Oh sorry, I just read your second to last reply again. I'll go over the data sheet once more, you may be right about it needing to be in STDBY_RC mode, I will check.

On 11 February 2024 21:02:42 GMT, markqvist @.***> wrote:

I would revert those changes you made for the calibration, idle() puts it in STANDBY mode anyway

No, idle() puts the modem into STDBY_XOSC mode, not STDBY_RC (difference being the oscillator source). That's why I added it. See line 679.

Have you set the sync words on both sides correctly? I thought just now that this may have caused the issue perhaps?

Yes. The sync words are currently set to 0x12 for SX1276 and 0x1424 for SX1262, which is how it needs to be for interoperability.
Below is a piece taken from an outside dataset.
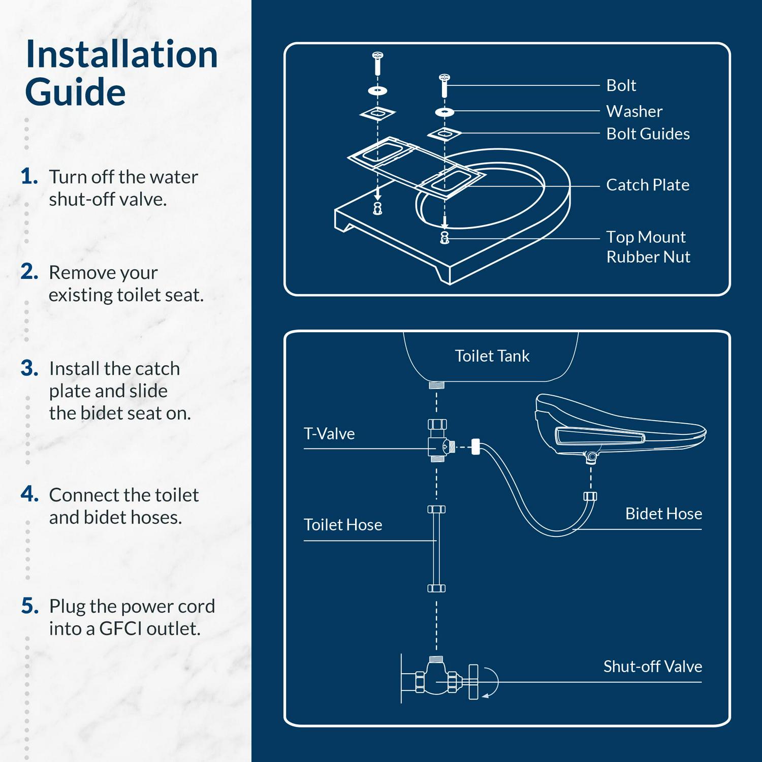 – Includes warm water, heated seat, and built-in night light.

I can do some investigation tomorrow on this issue and see if I can figure out what may cause it through reading the datasheet again

Awesome. You know the chip and datasheet a lot better than me at this point, so hopefully you can spot something.

We can't really release this until we can confirm interoperability between the SX1262 and SX1276 drivers. Even if it requires changing something in the SX1276 driver, that's totally acceptable, but it does need to interoperate.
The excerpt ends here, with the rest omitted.